▸ **Input material**:

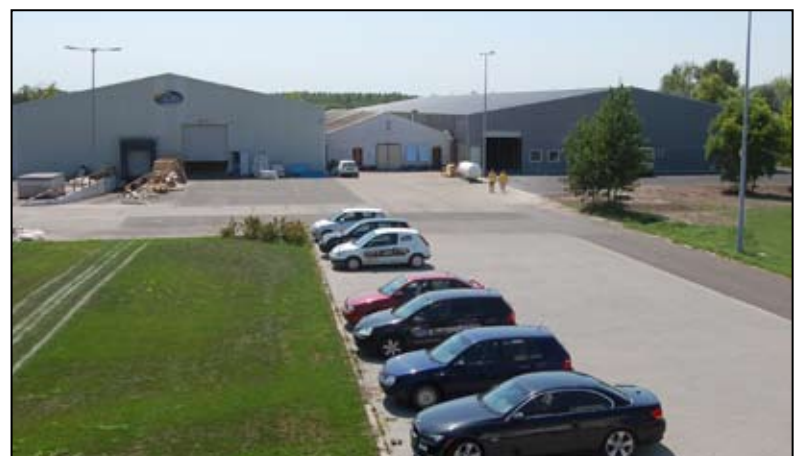
PRODUKTIONSFLÄCHE VON 7000 m 2

Wir glauben aber daran, dass wir mit harter und nachhaltiger Arbeit ein international akzeptiertes Produkt auf dem Markt einführen. Wir sind gefasst auf die weitere Herausforderungen und wir vertreten bis dahin Ungarn und Europa in der weiten Welt. Wir hoffen, dass immer mehr Menschen die WELLIS Produkte als täglichen Luxus wählen und dass wir damit an Ihrem Leben beteiligt sein können.
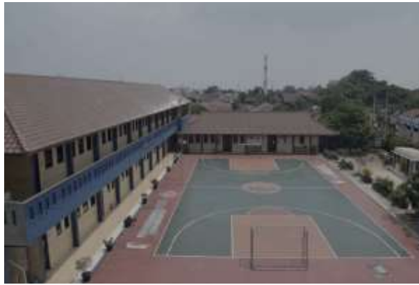
Gambar 2. Lapangan olahraga mitra

Hasil rekapitulasi Data Pokok Kemdikbud [2] pada semester genap 2023/2024, mitra memiliki siswa laki-laki sebanyak 612 orang dan siswa perempuan sebanyak 182 orang. Mitra juga memiliki Guru laki-laki sebanyak 14 orang dan Guru perempuan sebanyak 21 orang, ditambah dengan Tendik laki-laki sebanyak 9 orang dan Tendik perempuan sebanyak 9 orang.
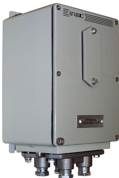
Блок питания БП-26.IIC

Блок питания с выходными искробезопасными электрическими цепями уровня «ib» предназначен для установки вне взрывоопасных зон помещений и наружных установок. Имеет маркировку [Ex ib Gb ]IIC.
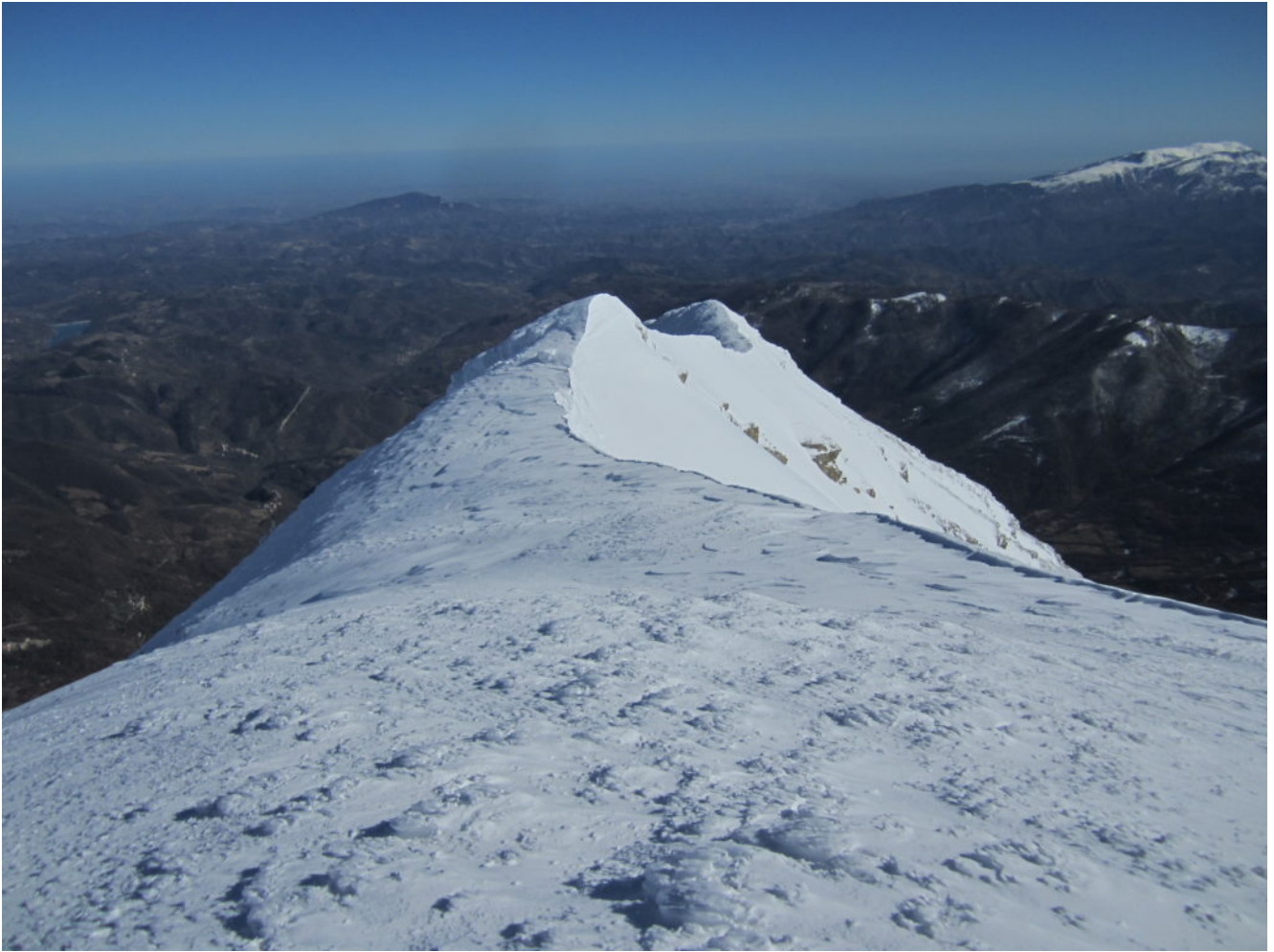
La cresta M. Vettore – Cima di Pretare
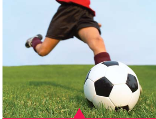
MESELA AMATÖR KULÜPLERE DESTEK

▸ **What you are asked to do**:
Every line of the entries above that holds "mitra" should be copied out.

▸ **Reply to the task**:
Gambar 2. Lapangan olahraga mitra
Hasil rekapitulasi Data Pokok Kemdikbud [2] pada semester genap 2023/2024, mitra memiliki siswa laki-laki sebanyak 612 orang dan siswa perempuan sebanyak 182 orang. Mitra juga memiliki Guru laki-laki sebanyak 14 orang dan Guru perempuan sebanyak 21 orang, ditambah dengan Tendik laki-laki sebanyak 9 orang dan Tendik perempuan sebanyak 9 orang.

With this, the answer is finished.